# Crystal like substance on vacuum packed cheese.



## darwin101 (Apr 7, 2018)

Hi all,
I cold smoked a few cheap store brand blocks of cheese (8oz) wrapped them in parchment paper and vacuum sealed them.  I let the blocks air dry for a day in the refrigerator, then I wrapped and sealed them.  The vacuum & seal are still good, but I noticed a crystal like formation on the edges of a couple blocks of the cheese (not all of them).  It kinda looks like salt, I guess I should have tasted it.  Anyway the cheese is fine, I just scraped off the crystals and used as normal. 
I would like to understand what this is, how it happened and how to avoid this in the future.  Anyone know what, why and how of this? 
Thanks


----------



## daveomak (Apr 7, 2018)

pictures always help...


----------



## gmc2003 (Apr 7, 2018)

Did I understand correctly - did you vacuum seal them while still wrapped in parchment paper? 

Chris


----------



## idahopz (Apr 7, 2018)

I see that quite often in aged cheeses, even when not smoked.

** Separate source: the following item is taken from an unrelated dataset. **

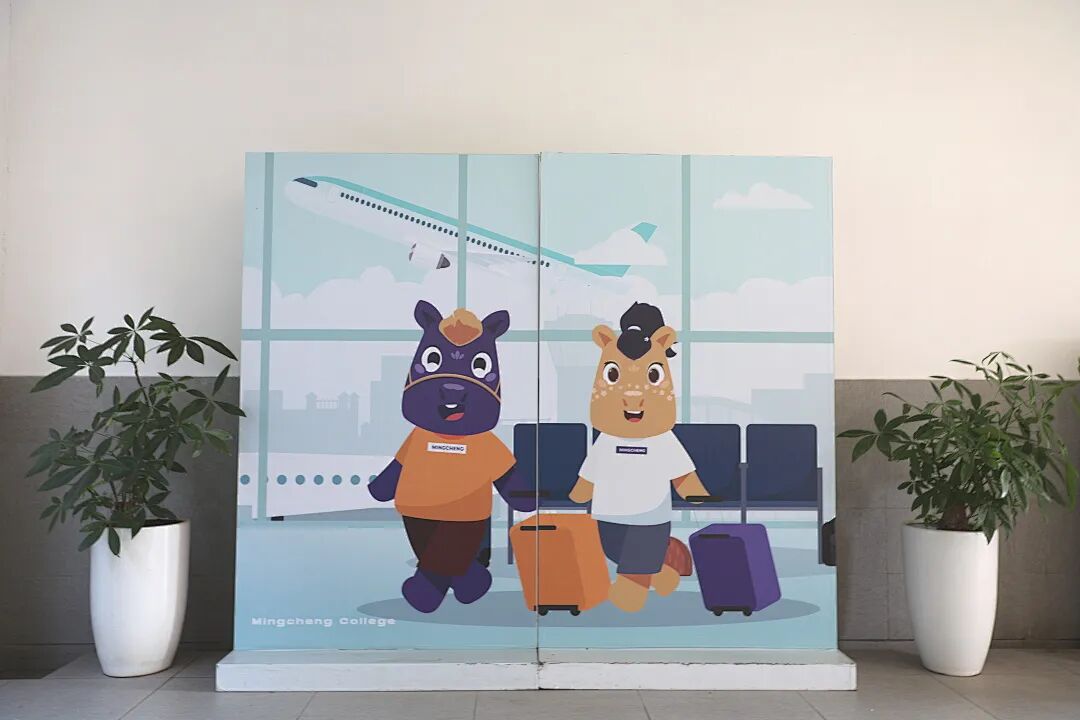 初到书院正门,橙红色的门面前赫然站立着书院吉祥物铭欣和诚然,它们欢欣雀跃地向大家问好——欢迎加入铭诚大家庭!

I've never worried about it.


----------



## hillbillyrkstr (Apr 7, 2018)

HAPpens to me as well. Not sure why but I’ve always eaten it. Dozens and dozens of times. Still breathing so it’s all good. 

Of course I had the wife try it first and when she didn’t show any ill symptoms I knew it was ok. :)

Scotr


----------



## SonnyE (Apr 7, 2018)

hillbillyrkstr said:


> HAPpens to me as well. Not sure why but I’ve always eaten it. Dozens and dozens of times. Still breathing so it’s all good.
> 
> Of course I had the wife try it first and when she didn’t show any ill symptoms I knew it was ok. :)
> 
> Scotr



Well, I donno Scott....
You did mis-spell your own name. :confused:

Gottcha! ;)


----------



## SonnyE (Apr 7, 2018)

My folks always simply trimmed off anything growing on the outside of cheeses.
Always was good on the inside.
Except for Limburger. Limburger always smelled like a butt. Us kids always called it "Stinky Cheese".


----------



## hillbillyrkstr (Apr 7, 2018)

Lol sonny! Fat thumbs I guess!

Scott


----------



## SonnyE (Apr 7, 2018)

hillbillyrkstr said:


> Lol sonny! Fat thumbs I guess!
> 
> Scott



Naw... Welcome to the Human Race! :D;)


----------



## bbqbrett (Apr 11, 2018)

SonnyE said:


> My folks always simply trimmed off anything growing on the outside of cheeses.
> Always was good on the inside.
> Except for Limburger. Limburger always smelled like a butt. Us kids always called it "Stinky Cheese".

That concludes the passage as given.